Eine unmittelbare Beteiligung liegt allerdings auch dann vor, wenn in die Beteiligungskette eine Personengesellschaft (steuerliche Mitunternehmerschaft) eingesetzt wird, also z.B. eine Holding-GmbH zu 20 % an einer Kommanditgesellschaft beteiligt ist, die wiederum 10 % an einer Tochter-GmbH hält. Hier würde die Holding-GmbH, die selbst 8 % unmittelbar an der Tochter hält, im Ergebnis 10 % „unmittelbar“ i S d § 8 Abs. 4 KStG halten, und folglich von der Steuerfreiheit etwaiger Bezüge profitieren können.

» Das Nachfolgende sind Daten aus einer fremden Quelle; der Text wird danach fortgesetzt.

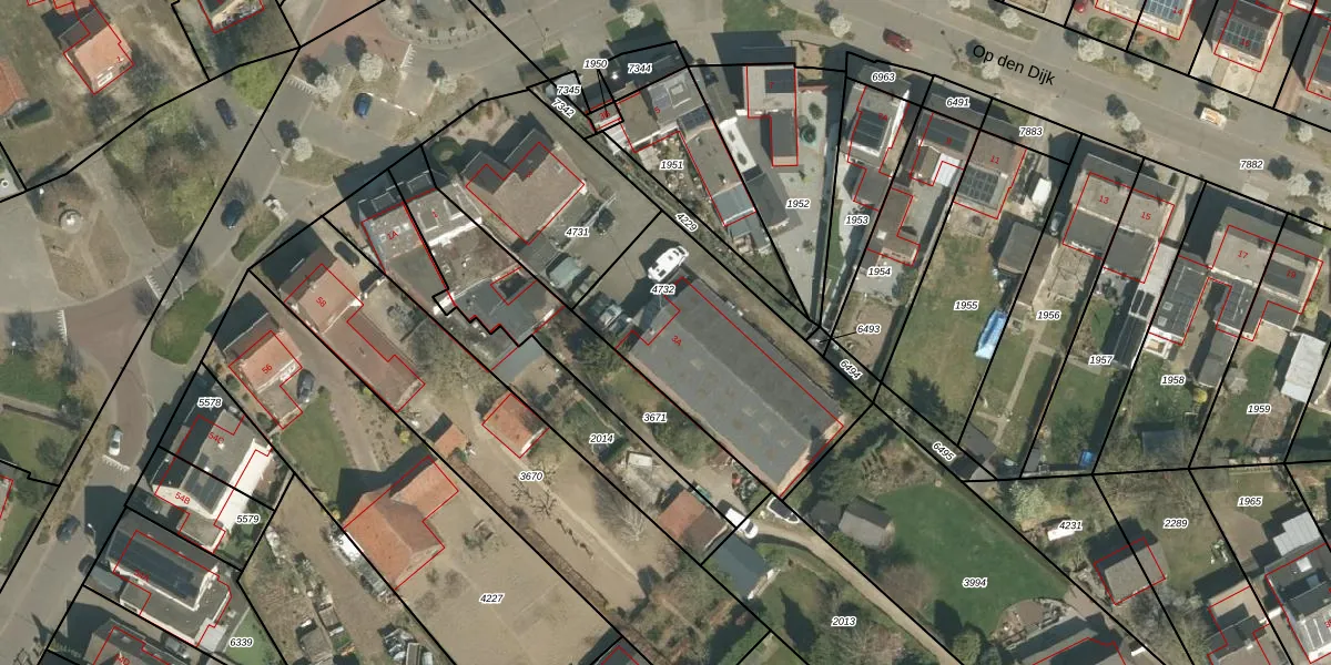 Het perceel waarop Op den Dijk 3-A staat heeft een oppervlakte van 870 m². Dit is een groot perceel. De perceeloppervlakte wordt geregistreerd door het Kadaster. Gedetailleerde informatie over de maten van dit perceel kunt u vinden in het rapport Kadastrale kaart met maatvoering van Op den Dijk 3-A.

Maßgeblicher Zeitpunkt für die Bemessung der Höhe der Beteiligung ist der Beginn des Kalenderjahres. Allerdings gilt bei dem Erwerb einer Beteiligung von mindestens 10 % im Laufe des Jahres diese Grenze als zu Beginn des Kalenderjahres erreicht.
Die neue Gesetzeslage gilt gem. § 34 Abs. 7 a KStG für Bezüge, die nach dem 28.02.2013 zufließen.
Damit müssen sich Unternehmer nunmehr in ihrer Steuerplanung mit dem ungünstigen Gesetz auseinandersetzen und ihre Beteiligungsstrukturen überprüfen. Während bislang häufig zur Kapitalbildung die GmbH-Struktur auch bei Minderheitsbeteiligungen zum Zwecke der unversteuerten Thesaurierung etwaiger Ausschüttungen/Veräußerungsgewinne empfohlen werden konnte, muss dies unter dem neuen Gesetz überprüft werden. Durch Gestaltung sollte dafür gesorgt werden, die Mindestbeteiligungsgröße zu erreichen.
Mit dem Gesetz reagiert der Gesetzgeber auf eine Rechtsprechung des EuGH, der ausländische Gesellschaften, die nicht dieses Privileg der steuerfreien Thesaurierung in Kapitalgesellschaftsstrukturen erreichen konnten, im rechtswidrigen Nachteil sah. Wie so oft reagierte der Gesetzgeber aber nicht mit einer Ausweitung dieser für den Steuerpflichtigen günstigen, und systemimmanent eine Doppelbelastung auf Gesellschafts- und Gesellschafterebene vermeidende Regel, sondern mit einer Gleichstellung auf „Niveau des schwächsten Gliedes“, also hier durch eine Anpassung auf die ungünstige Konstellation für ausländische Kapitalgesellschaften. Dies erklärt zumindest, warum das Gesetz in einen kryptischen Namen eingekleidet ist und nicht zu erkennen gibt, warum es eigentlich geht und wie viel Gestaltungsspielraum der Gesetzgeber tatsächlich hatte.